Jakarta, FORTUNE - Ekonomi Syariah mengandung dua kata, yaitu ekonomi dan syariah. Ekonomi secara etimologis berasal dari kata bahasa Yunani oikos dan nomos, serta digabungkan menjadi oikonomia. Oikos berarti rumah tangga dan nomos berarti norma atuan aturan, sehingga secara harfiah kata ekonomi berarti aturan atau norma dalam rumah tangga.
Sementara etimologi kata syariah merujuk pada jalan ke arah mata air. Akan hal istilahnya, Mohammad Daud Ali menyatakan syariah adalah ketetapan-ketetapan Allah dan ketentuan Rasul-Nya, baik larangan maupun perintah, yang meliputi seluruh aspek hidup dan kehidupan manusia.
Ekonomi syariah adalah respons pemikir muslim terhadap tantangan perekonomian pada masa tertentu. Kreasinya dibantu oleh Quran dan Sunnah, akal (ijtihad), dan pengalaman.
Yusuf Qardhawi menjelaskan ekonomi syariah sebagai perekonomian yang berdasarkan ketuhanan dengan tujuan akhir Tuhan, dan pemanfaatan sarana yang tidak lepas dari syariat Tuhan.
Landasan hukum ekonomi syariah
Landasan hukum ekonomi syariah tidak dapat dileraikan Quran dan hadis. Kedua landasan hukum tersebut menjadi sumber rujukan bagi umat Islam dalam menjalankan berbagai kegiatannya, termasuk hubungannya dengan lapangan ekonomi.
Ayat-ayat terkait larangan riba, perniagaan yang didasarkan pada kesukarelaan para pihak, perintah bertebaran di muka bumi guna mencari karunia ilahi, merupakan contoh yang menunjukkan bahwa Quran adalah sumber dan sekaligus landasan hukum muamalah malliyah.
Begitu pula contoh-contoh yang diberikan oleh Rasulullah.
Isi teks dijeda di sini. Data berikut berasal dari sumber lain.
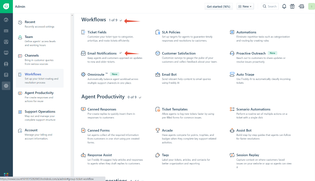 Na imagem mostrada abaixo, você notará que as notificações por e-mail são o único recurso configurado na categoria Workflows . O contador ao lado de Fluxos de trabalho também mostra que 1 de 9 recursos foi configurado nessa categoria.
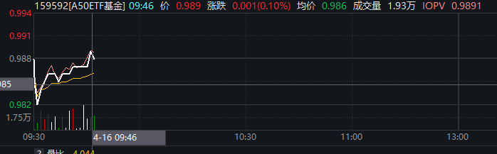 相关ETF方面,A50ETF基金(159592)早盘低开,盘中反弹,截至发稿翻红,成交额近3000万元,换手率近3%,盘中交投活跃。资金流向方面,Wind数据显示,该ETF连续5日获资金净流入,累计净流入额超8600万元。
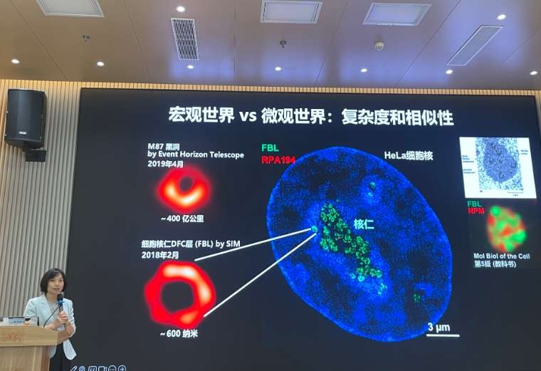 中新社报道,她在现场展示了一组照片,一张是事件视界望远镜(EHT)于2019年4月发布的人类首张黑洞照片——M87黑洞,该黑洞事件视界直径约为400亿公里;另一张是2018年2月,陈玲玲团队拍摄到的细胞核仁DFC(致密纤维组分)层图像,其直径约为600纳米。
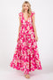 Fuchsia Floral Deep V-Neck Open Back Maternity Maxi Dress

Perkataan, perbuatan, maupun pembolehan olehnya pada lapangan ekonomi dapat ditemukan dalam hadis sebagai sumber dan landasan hukum setelah Quran.
Perintah untuk taat kepada ulil amri dalam konteks Indonesia di lapangan ekonomi dan keuangan diatribusikan kepada fatwa-fatwa yang dikeluarkan oleh otoritas pembuat fatwa, yakni Dewan Syariah Nasional - Majelis Ulama Indonesia (MUI). Lebih lanjut, otoritas negara, antara lain yakni Bank Indonesia, Otoritas Jasa Keuangan, Mahkamah Agung dalam kenyataannya telah menerbitkan peraturan-peraturan di bidang ekonomi dan keuangan syariah.
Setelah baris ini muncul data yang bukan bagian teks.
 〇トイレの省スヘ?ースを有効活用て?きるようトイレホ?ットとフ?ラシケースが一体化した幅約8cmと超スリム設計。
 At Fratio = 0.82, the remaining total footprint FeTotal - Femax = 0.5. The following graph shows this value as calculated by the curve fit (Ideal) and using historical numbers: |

Prinsip dasar sistem ekonomi syariah
Sistem ekonomi dan keuangan syariah kini kian berkembang melalui penerapan konsep ekonomi dan keuangan Islam. Perkembangan tersebut tampak hasilnya pada berbagai aktivitas ekonomi dan keuangan syariah, seperti munculnya berbagai produk bisnis digital, produk-produk di lembaga keuangan syariah yang semakin beragam, dan lain sebagainya.
Namun, dalam mengembangkan sistem ekonomi syariah, Islam memegang teguh prinsip-prinsip dasar ekonomi syariah. Secara umum prinsip ekonomi Islam terbagi menjadi tiga bagian.
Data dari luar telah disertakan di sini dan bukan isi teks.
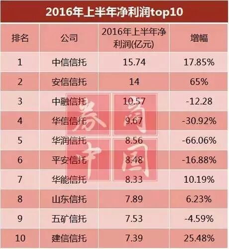 而查看今年上半年数据,多家公司排名发生较大变化。今年上半年净利润前10名公司分别为:中信信托、安信信托、中融信托、华信信托、华润信托、平安信托、华能信托、山东信托、五矿信托、建信信托。

Prinsip-prinsip ekonomi Islam didasarkan atas lima nilai universal yang meliputi tauhid (keimanan), ‘adl (keadilan), nubuwwah (kenabian), khilafah (pemerintah) dan ma’ad (hasil). Dari kelima nilai universal tersebut, dibangunlah tiga prinsip derivatif yaitu kepemilikan multijenis (multiple ownership), kebebasan bertindak atau berusaha (freedom to act) serta keadilan sosial (social justice).
Kelima nilai universal tersebut berfungsi seperti fondasi, yaitu menentukan kuat tidaknya suatu bangunan. Tauhid (keesaan Allah), memiliki arti bahwa semua yang kita lakukan di dunia akan dipertanggungjawabkan kepada Allah di akhirat kelak.
‘Adl (keadilan), memiliki arti bahwa Allah telah memerintahkan manusia untuk berbuat adil dan tidak menzalimi pihak lain demi memeroleh keuntungan pribadi. Nubuwwah (kenabian), menjadikan sifat dan sikap nabi sebagai teladan dalam melakukan segala aktivitas di dunia.
Sementara, khilafah (pemerintahan), peran pemerintah adalah memastikan tidak ada distorsi sehingga perekonomian dapat berjalan dengan baik. Ma’ad (hasil), dalam Islam hasil (laba) yang diperoleh di dunia juga menjadi laba di akhirat.